***** TASK MATERIAL *****
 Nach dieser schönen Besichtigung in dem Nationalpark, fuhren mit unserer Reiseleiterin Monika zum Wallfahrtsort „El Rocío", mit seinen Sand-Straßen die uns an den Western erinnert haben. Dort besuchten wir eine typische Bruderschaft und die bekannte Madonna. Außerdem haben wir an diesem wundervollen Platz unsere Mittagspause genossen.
*****
***** TASK MATERIAL *****
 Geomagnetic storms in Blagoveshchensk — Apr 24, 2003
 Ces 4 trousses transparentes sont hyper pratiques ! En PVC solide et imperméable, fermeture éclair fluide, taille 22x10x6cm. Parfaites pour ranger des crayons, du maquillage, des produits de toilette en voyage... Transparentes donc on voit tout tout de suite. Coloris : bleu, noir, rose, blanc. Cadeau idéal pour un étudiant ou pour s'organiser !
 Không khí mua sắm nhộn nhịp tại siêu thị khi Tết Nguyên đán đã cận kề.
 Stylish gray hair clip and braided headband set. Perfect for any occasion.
*****
***** TASK MATERIAL *****
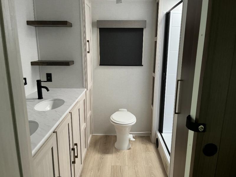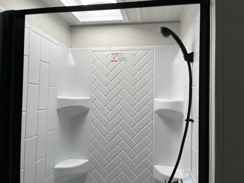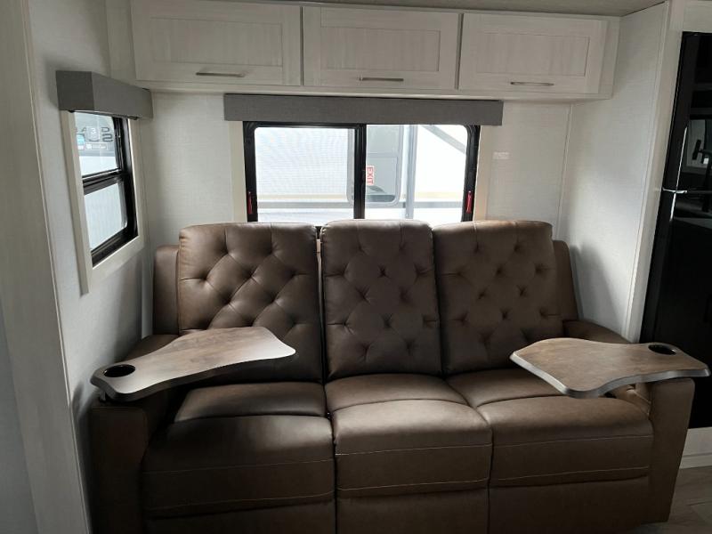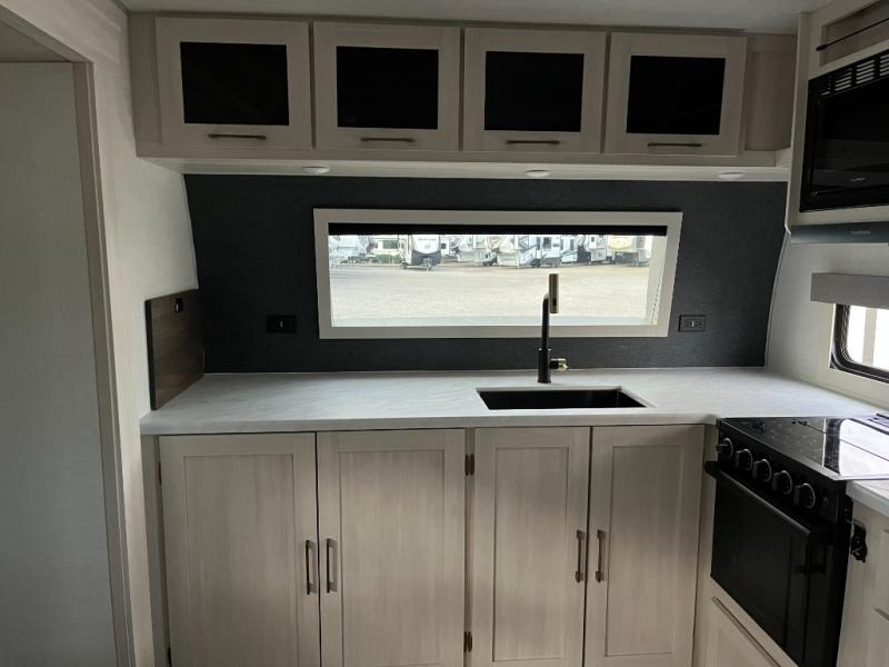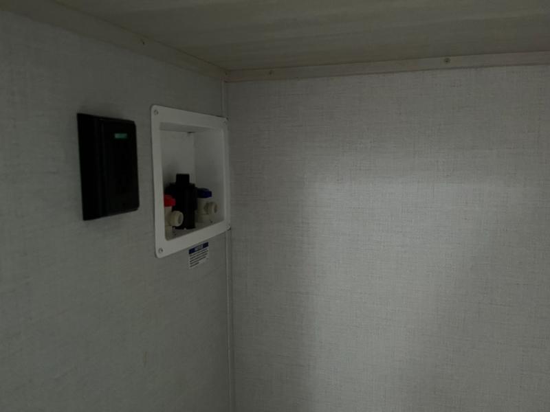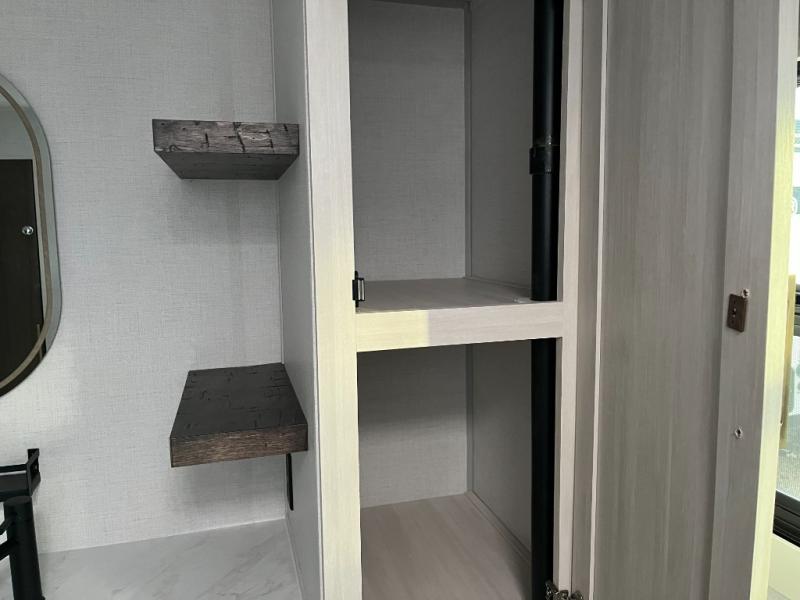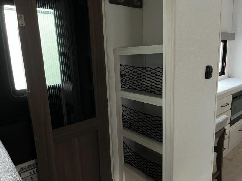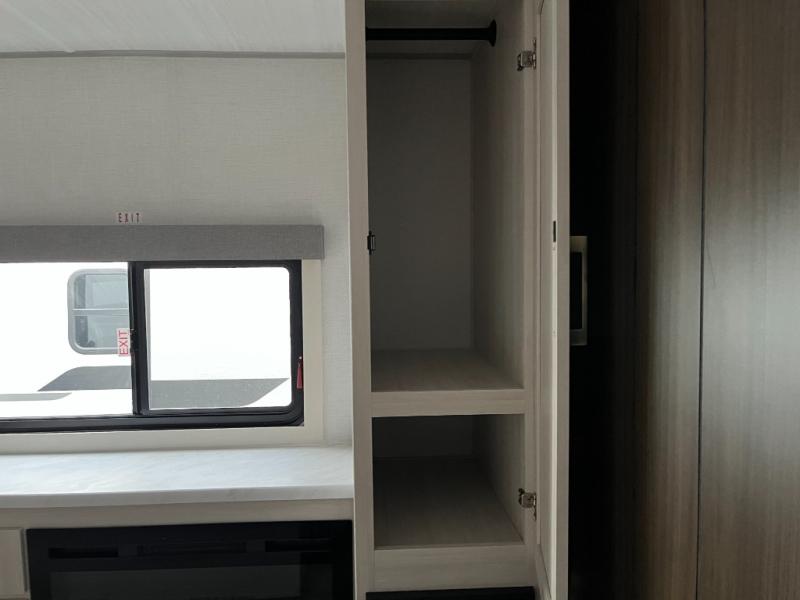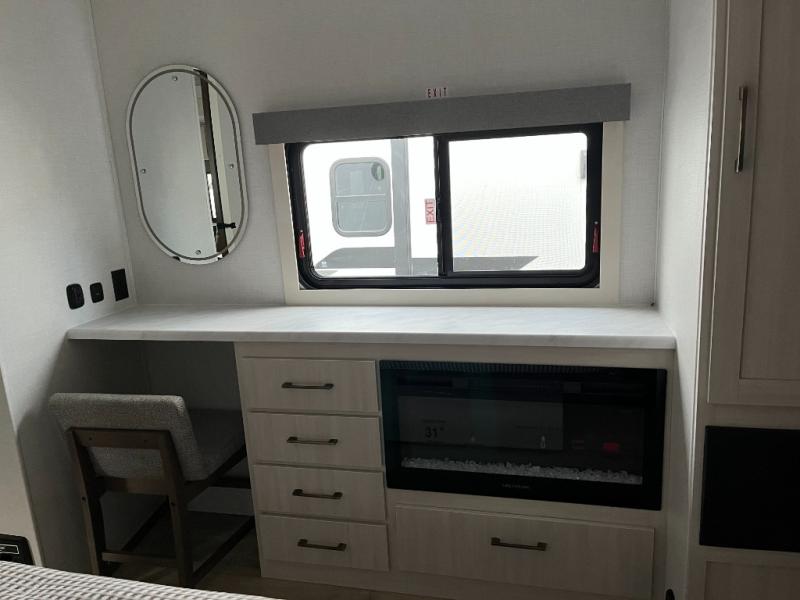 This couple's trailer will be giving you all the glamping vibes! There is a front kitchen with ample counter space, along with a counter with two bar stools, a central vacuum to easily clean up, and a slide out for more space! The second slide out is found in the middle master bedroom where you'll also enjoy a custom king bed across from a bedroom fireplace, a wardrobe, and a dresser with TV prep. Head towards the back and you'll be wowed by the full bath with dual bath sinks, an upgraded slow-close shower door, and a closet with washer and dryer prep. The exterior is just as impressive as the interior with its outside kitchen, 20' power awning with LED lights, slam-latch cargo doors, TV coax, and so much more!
*****
# TASK DESCRIPTION
Reprint exactly the lines above that start at the one with "Geomagnetic storms in" and end at the one with "Stylish gray hair", keeping both and adding none.

# ANSWER BOX
 Geomagnetic storms in Blagoveshchensk — Apr 24, 2003
 Ces 4 trousses transparentes sont hyper pratiques ! En PVC solide et imperméable, fermeture éclair fluide, taille 22x10x6cm. Parfaites pour ranger des crayons, du maquillage, des produits de toilette en voyage... Transparentes donc on voit tout tout de suite. Coloris : bleu, noir, rose, blanc. Cadeau idéal pour un étudiant ou pour s'organiser !
 Không khí mua sắm nhộn nhịp tại siêu thị khi Tết Nguyên đán đã cận kề.
 Stylish gray hair clip and braided headband set. Perfect for any occasion.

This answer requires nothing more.